Resource usage of recreation of local database

MaloW · June 5, 2019, 5:48pm

I just had an “Unexpected difference in fileset” error happen and googled myself to trying out recreating the local database to try to solve it. I was surprised by how long the recreation took so I tried to see why that is, and found that the resource-usage on my computer was quite odd. This is my backup size:
Source: 179.87 GB
Backup: 171.26 GB / 14 Versions
It is located on a hard-drive inside a NAS and accessed over the network from my computer.

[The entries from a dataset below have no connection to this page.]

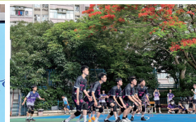
Our dodgeball team joined the 2023 Hong Kong Inter-Secondary School (Single-Ball Style) Dodgeball Championship
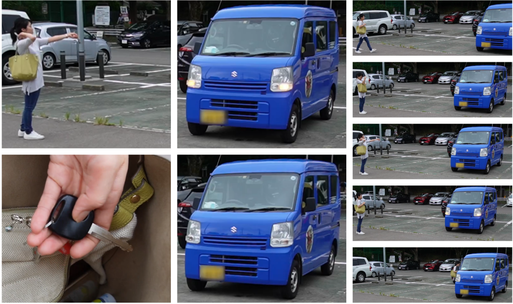
Fig. 1. Key elements of the interaction used in the study. The four larger pictures illustrate the interaction. On the left, they show the visible (top) and invisible manipulation (bottom), from the witness perspective. The two middle pictures illustrate the visible effect (top) and invisible effect (bottom). The right side illustrates an example flow of the scene from top to bottom. First, the person approaches the car. Second, she checks her bag and in this case takes out the keys. Third, she points the keys at the car to unlock it. Fourth, the car “reacts” with flashing headlights. Fifth, she enters the car. The full videos can be found in the supplementary material.

pattern they declared in their comprehension checks (instead of their actual groups) or b) excluded the participants who failed the checks from the analysis. Both tests did not affect the statistical significances of the hypothesis testing, and both only had an effect on the pairwise comparisons of the exploratory tests of the “confidence” scale. We have included a footnote below with the details, and share the data, full procedure, and detailed results in the supplementary material. After the comprehension checks, participants filled in the four different social acceptability measures described below, a question each about their gender and age, and finished the study.
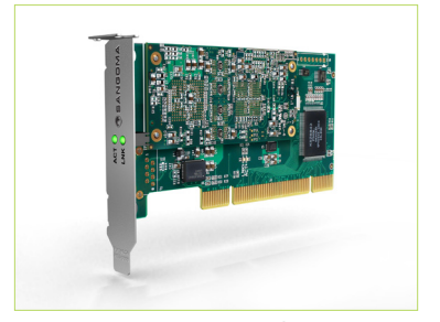
D100 PCI with low profile bracket

IP telephony applications commonly require the use of multiple voice codecs, used to digitally compress voice signals and save on bandwidth. Voice signals from the Public Switched Telephone Network (PSTN) come in the form of the G.711 codec, but the VoIP terminal equipment and networks can support a variety of different voice codecs, such as G.729, G.726, AMR, G.722, iLBC, etc. The VoIP infrastructure needs the capability to mediate between endpoints supporting different codecs, but this functionality requires digital signal processing tasks that are often costly and resource-intensive, and can affect the quality of the voice signals, if it introduces too much latency and delay.
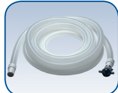
10m Discharge Hose For AP
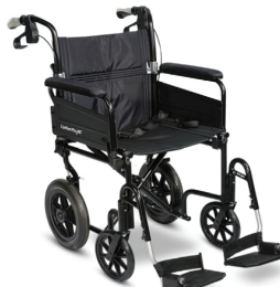
Transport Wheelchair $65/month
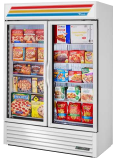
Standard White Exterior

First off I noticed CPU usage never really went above 20% on my 4c/8t CPU, which is fine I guess. I suppose the recreation process is mostly coded to be single-threaded but I guess it would be nice if more cores was used to speed it up. Not really an odd thing though, so that’s fine.
However I noticed that there was a VERY large amount of data written to my disk: https://i.imgur.com/6sLIwK8.png
At the same time I noticed that VERY little RAM was being used by Duplicati: https://i.imgur.com/j6SMQOJ.png
Checking the TBW (Tera-bytes written) on my SSDs confirms the heavy writing: https://i.imgur.com/BiyuqNI.png
The whole recreation process has taken about 8 hours so far, and it’s about 80% complete. Measuring the TBW written to my SSD over 1 hour shows about 300 GB written.
Looking at the actual local database that has been created it comes in at about 2GB: htt ps://i.imgur.com/qxqxXb8.png (had to break this link due to limit of 3 links per post as a new user)

To me these stats seems quite odd. I can’t come up with an explanation why several terabytes of data needs to be written to my SSD (reducing its life-span btw) when it all ends up just being a 2GB file. If the process needs to iterate with writes is it not better to do so in RAM and only write to the disk when complete? That whole 2GB file could easily fit in my RAM, and if not it could be paged to disk by the OS. I feel like doing so would probably speed up the whole process substantially. If I ever need to run a recreation again I will at least make sure to have the local database on a RAM-disk while it runs and just copy over the completed files after, I assume that would work. Or is there something weird with my system and I’m the only ones experiencing this odd resource usage?

ts678 · June 5, 2019, 7:49pm

Hello @MaloW and welcome to the forum!

What Duplicati version are you using? I’m hoping your version is not 2.0.4.18 canary, because this should have been made better, though extended reads of the remote can still happen if data is genuinely missing.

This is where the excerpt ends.